[Source data]
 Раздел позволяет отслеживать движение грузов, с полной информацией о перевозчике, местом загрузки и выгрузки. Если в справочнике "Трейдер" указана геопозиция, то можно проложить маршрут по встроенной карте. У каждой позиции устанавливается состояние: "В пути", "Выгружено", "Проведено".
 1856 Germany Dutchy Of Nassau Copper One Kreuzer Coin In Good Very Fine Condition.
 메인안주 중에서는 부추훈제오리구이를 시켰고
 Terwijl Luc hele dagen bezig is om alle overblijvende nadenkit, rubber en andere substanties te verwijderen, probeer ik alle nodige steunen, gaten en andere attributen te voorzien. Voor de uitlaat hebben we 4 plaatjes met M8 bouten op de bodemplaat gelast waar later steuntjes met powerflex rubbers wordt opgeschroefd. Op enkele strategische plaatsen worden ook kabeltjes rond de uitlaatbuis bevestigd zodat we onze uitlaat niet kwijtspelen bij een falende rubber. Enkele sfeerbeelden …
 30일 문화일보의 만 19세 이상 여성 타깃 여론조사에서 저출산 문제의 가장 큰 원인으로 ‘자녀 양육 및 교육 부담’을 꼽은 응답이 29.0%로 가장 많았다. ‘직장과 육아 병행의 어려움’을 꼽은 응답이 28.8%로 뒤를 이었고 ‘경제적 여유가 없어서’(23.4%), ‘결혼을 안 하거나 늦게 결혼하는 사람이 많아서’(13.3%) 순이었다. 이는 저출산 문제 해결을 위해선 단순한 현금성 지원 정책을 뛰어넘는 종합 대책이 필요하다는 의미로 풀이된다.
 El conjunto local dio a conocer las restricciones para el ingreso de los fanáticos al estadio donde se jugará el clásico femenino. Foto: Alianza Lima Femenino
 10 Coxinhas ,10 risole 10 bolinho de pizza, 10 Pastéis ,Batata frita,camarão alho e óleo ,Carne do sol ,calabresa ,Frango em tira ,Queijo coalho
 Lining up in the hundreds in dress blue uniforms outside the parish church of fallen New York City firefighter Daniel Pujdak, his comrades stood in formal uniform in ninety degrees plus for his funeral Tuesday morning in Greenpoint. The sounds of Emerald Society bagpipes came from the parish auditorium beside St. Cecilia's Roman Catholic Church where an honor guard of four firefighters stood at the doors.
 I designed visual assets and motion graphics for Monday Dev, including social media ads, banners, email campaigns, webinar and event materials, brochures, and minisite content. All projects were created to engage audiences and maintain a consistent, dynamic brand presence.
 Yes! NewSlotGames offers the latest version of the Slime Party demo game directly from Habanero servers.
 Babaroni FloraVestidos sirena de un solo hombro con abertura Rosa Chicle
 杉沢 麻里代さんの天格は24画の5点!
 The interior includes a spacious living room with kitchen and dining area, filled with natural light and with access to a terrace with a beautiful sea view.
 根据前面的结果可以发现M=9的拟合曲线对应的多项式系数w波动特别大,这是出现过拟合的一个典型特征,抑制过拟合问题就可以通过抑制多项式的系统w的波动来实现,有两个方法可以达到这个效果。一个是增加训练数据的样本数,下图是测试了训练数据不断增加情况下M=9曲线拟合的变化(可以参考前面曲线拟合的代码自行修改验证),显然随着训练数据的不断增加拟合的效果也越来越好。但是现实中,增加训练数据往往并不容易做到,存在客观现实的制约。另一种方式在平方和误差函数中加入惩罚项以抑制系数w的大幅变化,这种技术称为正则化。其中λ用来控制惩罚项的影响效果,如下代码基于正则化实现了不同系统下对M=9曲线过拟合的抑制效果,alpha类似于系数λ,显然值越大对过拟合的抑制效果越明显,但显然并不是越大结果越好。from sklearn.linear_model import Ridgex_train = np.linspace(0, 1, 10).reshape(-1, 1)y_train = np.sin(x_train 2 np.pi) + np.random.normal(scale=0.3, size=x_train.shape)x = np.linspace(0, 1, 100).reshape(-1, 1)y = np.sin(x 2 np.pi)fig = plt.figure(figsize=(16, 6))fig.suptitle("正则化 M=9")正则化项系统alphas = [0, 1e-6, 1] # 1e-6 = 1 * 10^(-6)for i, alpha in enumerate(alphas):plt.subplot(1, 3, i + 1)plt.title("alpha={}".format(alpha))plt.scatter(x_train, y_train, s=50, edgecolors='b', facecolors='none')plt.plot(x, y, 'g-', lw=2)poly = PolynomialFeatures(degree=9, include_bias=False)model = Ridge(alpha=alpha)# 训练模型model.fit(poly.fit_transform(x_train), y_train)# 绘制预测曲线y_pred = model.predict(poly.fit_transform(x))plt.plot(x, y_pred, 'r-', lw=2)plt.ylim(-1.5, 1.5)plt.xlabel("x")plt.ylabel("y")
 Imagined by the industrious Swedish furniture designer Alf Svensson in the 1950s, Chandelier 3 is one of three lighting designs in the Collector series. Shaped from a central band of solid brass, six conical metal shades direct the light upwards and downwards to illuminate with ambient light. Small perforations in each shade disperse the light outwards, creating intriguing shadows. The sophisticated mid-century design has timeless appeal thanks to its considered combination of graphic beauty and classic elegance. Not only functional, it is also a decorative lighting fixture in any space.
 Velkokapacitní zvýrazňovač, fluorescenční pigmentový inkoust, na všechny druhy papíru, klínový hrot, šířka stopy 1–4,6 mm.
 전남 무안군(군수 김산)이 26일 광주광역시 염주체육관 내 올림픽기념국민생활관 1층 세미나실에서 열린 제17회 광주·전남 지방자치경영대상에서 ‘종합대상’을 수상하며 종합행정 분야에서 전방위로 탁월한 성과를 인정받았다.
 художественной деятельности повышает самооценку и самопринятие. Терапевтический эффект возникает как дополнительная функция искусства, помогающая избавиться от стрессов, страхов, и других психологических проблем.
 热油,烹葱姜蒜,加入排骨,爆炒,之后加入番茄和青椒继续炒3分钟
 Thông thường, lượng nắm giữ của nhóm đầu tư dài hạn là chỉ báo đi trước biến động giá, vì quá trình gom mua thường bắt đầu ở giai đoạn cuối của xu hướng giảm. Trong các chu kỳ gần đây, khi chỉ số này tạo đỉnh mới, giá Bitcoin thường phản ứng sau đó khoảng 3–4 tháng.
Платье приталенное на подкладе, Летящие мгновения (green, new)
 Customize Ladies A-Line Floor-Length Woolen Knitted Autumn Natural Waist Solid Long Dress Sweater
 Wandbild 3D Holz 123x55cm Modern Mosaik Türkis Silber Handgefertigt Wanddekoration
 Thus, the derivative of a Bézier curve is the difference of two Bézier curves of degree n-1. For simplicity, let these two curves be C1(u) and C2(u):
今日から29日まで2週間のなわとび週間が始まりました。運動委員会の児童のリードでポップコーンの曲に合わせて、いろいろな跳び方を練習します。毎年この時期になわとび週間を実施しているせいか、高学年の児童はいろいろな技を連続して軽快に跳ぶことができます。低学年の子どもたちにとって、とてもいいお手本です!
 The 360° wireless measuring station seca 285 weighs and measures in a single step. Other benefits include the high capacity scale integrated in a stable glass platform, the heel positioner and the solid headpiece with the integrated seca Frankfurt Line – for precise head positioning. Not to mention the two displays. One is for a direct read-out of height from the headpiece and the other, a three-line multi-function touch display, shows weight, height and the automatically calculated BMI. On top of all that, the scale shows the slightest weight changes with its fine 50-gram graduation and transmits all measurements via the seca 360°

▶ Exercise details: Reproduce every line of the entries above, unchanged, from the very first one down to and including the line containing "Lining up in".

▶ Result of the task:
 Раздел позволяет отслеживать движение грузов, с полной информацией о перевозчике, местом загрузки и выгрузки. Если в справочнике "Трейдер" указана геопозиция, то можно проложить маршрут по встроенной карте. У каждой позиции устанавливается состояние: "В пути", "Выгружено", "Проведено".
 1856 Germany Dutchy Of Nassau Copper One Kreuzer Coin In Good Very Fine Condition.
 메인안주 중에서는 부추훈제오리구이를 시켰고
 Terwijl Luc hele dagen bezig is om alle overblijvende nadenkit, rubber en andere substanties te verwijderen, probeer ik alle nodige steunen, gaten en andere attributen te voorzien. Voor de uitlaat hebben we 4 plaatjes met M8 bouten op de bodemplaat gelast waar later steuntjes met powerflex rubbers wordt opgeschroefd. Op enkele strategische plaatsen worden ook kabeltjes rond de uitlaatbuis bevestigd zodat we onze uitlaat niet kwijtspelen bij een falende rubber. Enkele sfeerbeelden …
 30일 문화일보의 만 19세 이상 여성 타깃 여론조사에서 저출산 문제의 가장 큰 원인으로 ‘자녀 양육 및 교육 부담’을 꼽은 응답이 29.0%로 가장 많았다. ‘직장과 육아 병행의 어려움’을 꼽은 응답이 28.8%로 뒤를 이었고 ‘경제적 여유가 없어서’(23.4%), ‘결혼을 안 하거나 늦게 결혼하는 사람이 많아서’(13.3%) 순이었다. 이는 저출산 문제 해결을 위해선 단순한 현금성 지원 정책을 뛰어넘는 종합 대책이 필요하다는 의미로 풀이된다.
 El conjunto local dio a conocer las restricciones para el ingreso de los fanáticos al estadio donde se jugará el clásico femenino. Foto: Alianza Lima Femenino
 10 Coxinhas ,10 risole 10 bolinho de pizza, 10 Pastéis ,Batata frita,camarão alho e óleo ,Carne do sol ,calabresa ,Frango em tira ,Queijo coalho
 Lining up in the hundreds in dress blue uniforms outside the parish church of fallen New York City firefighter Daniel Pujdak, his comrades stood in formal uniform in ninety degrees plus for his funeral Tuesday morning in Greenpoint. The sounds of Emerald Society bagpipes came from the parish auditorium beside St. Cecilia's Roman Catholic Church where an honor guard of four firefighters stood at the doors.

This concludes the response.